= Padoongrasdra School =

School in Thailand

Padoongrasdra School (pronounced pa*doong*raht) is a K-12 school located in central Phitsanulok, Thailand. It presently operates under the local municipality of Private School Education Office #1. It has approximately 3,000 students and 160 teachers.

Padoongrasdra School was established in 1899 by Presbyterian missionaries from abroad working with a Thai doctor named Buntuan Bun-it. When it first opened, the school had 40 students in a building just six meters big. In order to expand, donations were solicited from the governor as well as local community members. One wealthy resident, named Choey, donated 4,000 baht to build the school’s first building, which is where the current Nasesuan army camp is located.
In 1910, Dr. Boontuan and his wife moved back to Bangkok. By this time, the number of students had grown exponentially, and it was decided to create two separate schools: one for boys and one for girls. The girls remained at the original school site under the name Padoongnaree while the boys moved to a new location, which is where the current Phitsanulok City Hall now stands. Leadership was important and, in 1925, the school brought on its first principal, Mr. Sarun Chairat. In 1926, the city government needed the school’s land in order to create welcoming grounds for the king. In return for seizure of the land, the government helped to find new grounds where the school could continue. The new property that was obtained is the site of the current school grounds.

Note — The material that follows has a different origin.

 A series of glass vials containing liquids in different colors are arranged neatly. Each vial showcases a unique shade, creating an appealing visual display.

The school remained governed by foreign missionaries until 1934, when control was given over to the Church of Christ in Thailand(CCT). Also during this time, the boys and girls schools joined together and adopted the name under current use, Padoongrasdra School. The school continued to grow and through the Fifty Million Fund, operated by the CCT in America, eight new buildings were constructed on campus: a library, canteen, kindergarten building, meeting hall, main office building, science building, music room, and a three-story concrete building with 21 classrooms. Alumni also contributed to this building project by giving funding for the fence and signs around the school, paving the inner school grounds, constructing a football field and basketball court, and erecting the flag pole.

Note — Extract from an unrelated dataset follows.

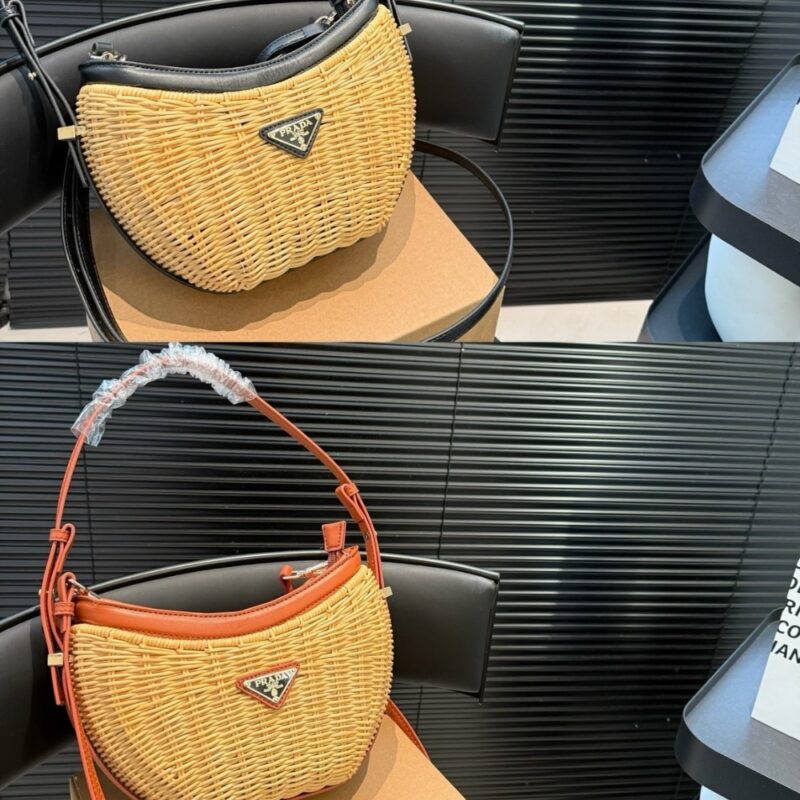 Prada Wicker And Leather Arqué Bag Tan 1BC202 2CYF F0018 V OOO / 22cm / 8.7 inches

Upon the retirement in 1985 of Mr. Chairat, CCT assigned Mr. Mana Sutjaritjit as principal. Under his leadership, the first Parents and Teachers Association was formed on campus in 1988. In 1993, a fire broke out in the wooden primary school building, destroying the classrooms. The new building opened in 1995 and is still in use to this day. 1998 saw more advancement as construction began on new kindergarten and main office buildings, which opened in 2005. In 2008, Mr. Sutjaritjit retired from his position and the school brought on Mr. Parinya Tawinno, the current director. Most recently, in 2011, the CCT and the school board decided to build a new canteen, which seats up to 1,000 students and has shops with food for purchase.